Attorney General Pam Bondi on Monday directed the Justice Department to move forward with a probe into the origins of the Trump-Russia investigation.
The recent release of documents aimed at undermining the legitimacy of the inquiry that established that Moscow interfered on President Donald Trump’s behalf in the 2016 U.S. presidential election prompted the probe.
Grand jury investigation
What we know:
Bondi has directed a prosecutor to present evidence to a grand jury after referrals from the Trump administration's top intelligence official, a person familiar with the matter said Monday.
That person was not authorized to discuss it by name and spoke on condition of anonymity to The Associated Press.
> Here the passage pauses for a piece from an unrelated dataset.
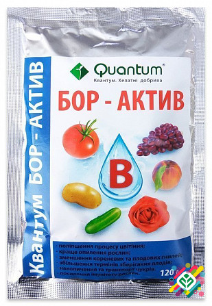 Мінімальна сума замовлення 350 грн Упаковка 30мл, 120мл Quantum Бор-Актив - концентрований борний мікродобрива, що містить бор у органічній формі. Використовується для листового підживлення с/г культур, чутливих до дефіциту бору (рапс, цукрова свекла, соняшник, виноград, овочі та інші). Благодаря а...

Fox News first reported the development.
What we don't know:
It was not clear which former officials might be the target of any grand jury activity, where the grand jury that might ultimately hear evidence will be located or which prosecutors — whether career employees or political appointees — might be involved in pursuing the investigation.
It was also not clear what precise claims of misconduct Trump administration officials believe could form the basis of criminal charges, which a grand jury would have to sign off on for an indictment to be issued.
‘Russiagate’
The backstory:
The FBI's Russia investigation was opened on July 31, 2016, following a tip that a Trump campaign adviser, George Papadopoulos, had told a Russian diplomat that Russia was in possession of dirt on Clinton.
The investigation resulted in the appointment of a special counsel, Robert Mueller, who secured multiple convictions against Trump aides and allies but did not establish proof of a criminal conspiracy between Moscow and the Trump campaign.
The inquiry shadowed much of Trump's first term and he has long focused his ire on senior officials from the intelligence and law enforcement community, including former FBI Director James Comey, whom he fired in May 2017, and former CIA Director John Brennan.
The Justice Department appeared to confirm an investigation into both men in an unusual statement last month but offered no details.
Multiple special counsels, congressional committees and the Justice Department's own inspector general have studied and documented a multi-pronged effort by Russia to interfere in the 2016 presidential election on Trump's behalf, including through a hack-and-leak dump of Democratic emails and a covert social media operation aimed at sowing discord and swaying public opinion.
But that conclusion has been aggressively challenged in recent weeks as Trump's director of national intelligence and other allies have released previously classified records that they hope will cast doubt on the extent of Russian interference and establish an Obama administration effort to falsely link Trump to Russia.
The Source: Information for this article was taken from The Associated Press and FOX News.